How can we use #PrivChat to press for #privacy rights? (REVISED)

How can we utilize organizational capacity provided by forums like #PrivChat to press gov't/companies for #privacy rights?

Update, August 2: discussion of Google+ and HR1981 in a new comment

Originally written January 19.  Updated January 24, after discussions with Weaver2World and MissHealth.
I modified one of the recommendations and added a new one. See the pink highlights in the text.

Mark Stanley of the Center for Democracy and Technology wrapped up Tuesday’s #privchat with a heck of a good question.  And as is usually the case in the weekly Twitter privacy chat, there were good answers from a variety of perspectives.

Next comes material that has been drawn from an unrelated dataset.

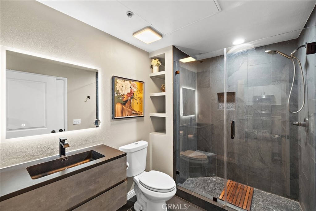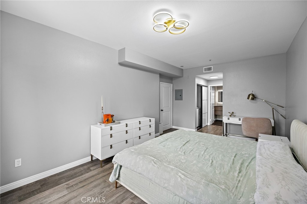 Platinum Triangle Condo! Near OC Vibe! Welcome to this stunning top-floor fully furnished condo at 1801 E Katella #4005 in Anaheim, where elegance meets convenience. Nestled in the highly desired Platinum Triangle neighborhood, this remodeled home has wonderful city views and boasts prime access to parking, an elevator, and storage, making it a true gem in the community. This unit comes with two parking spaces and a storage room. Step inside this delightful 784 square foot home, adorned with exquisite porcelain flooring that flows seamlessly throughout. The living space is bathed in nourishing natural light from large glass French doors that invite you to unwind on your private balcony. Enjoy evenings in your cozy living area, equipped with a large flat-screen TV, offers a perfect spot for relaxation. The modern kitchen features sleek white high-gloss cabinets with stylish brass hardware, a state-of-the-art pull-down brass faucet, and quartz countertops with elegant bar seating illuminated by beautiful LED pendant lights. With newer stainless-steel appliances and a new garbage disposal, every meal can be crafted with ease. Retreat to the spacious primary bedroom, designed for comfort with ample space for a king-sized bed. Revel in the grandeur of a lovely hanging light fixture and a generous walk-in closet that caters to all your storage needs. The updated bathroom features an updated sink with a touch-sensitive lighting mirror, Alexa speaker, a glass walk-in shower adorned with a stone mosaic floor, and Italian slate tiles. This home is complete with an efficiently designed laundry closet, accommodating new full-sized washer and dryer, and new shelving for perfect organization witth new tempered glass doors giving it a classy look. The entire home is freshly painted and impeccably cleaned, this residence is move-in ready! Enjoy the amenities of the Stadium Lofts Community including Water, Trash, Free Wi-Fi, AMPLE GUEST PARKING, Electric Car Charging, clubhouse, a sparkling pool and spa, a fully equipped gym with a Peloton room, a sauna, indoor lounges, and outdoor BBQ areas perfect for entertaining. Enjoy the vibrant local lifestyle, with top attractions like Angel Stadium, The Grove, Disneyland, and the Honda Center all at your doorstep, along with a plethora of dining and shopping options. Convenient freeway access to the 5 and 57 freeways ensures that everything you need is close to home. Do not miss the chance to call this exquisite abode your home!

For example:

I see fora like #privchat as launchpads for further advocacy and to facilitate networking on these issuesPublic awarness + vocalization = attention from gov't/cos = action to diminish impact on bottom line (?)Use these fora to publicly badger the privacy villains and bless the privacy heroes like #ThankTwitter.i think it important to recognize this is a place for divergent views, including large orgs, to participate and discussFan of positive reinforcement when companies / orgs do something intelligent / right. Forums can aggregate / focus attn

All great ideas … so I put my process hat on and suggested that we encourage people to think and blog about it, and continue the discussion next week.  Here’s my contribution (with early assistance from @hellrazr of @PrivacyActivism and additional suggestions from @Weaver2World).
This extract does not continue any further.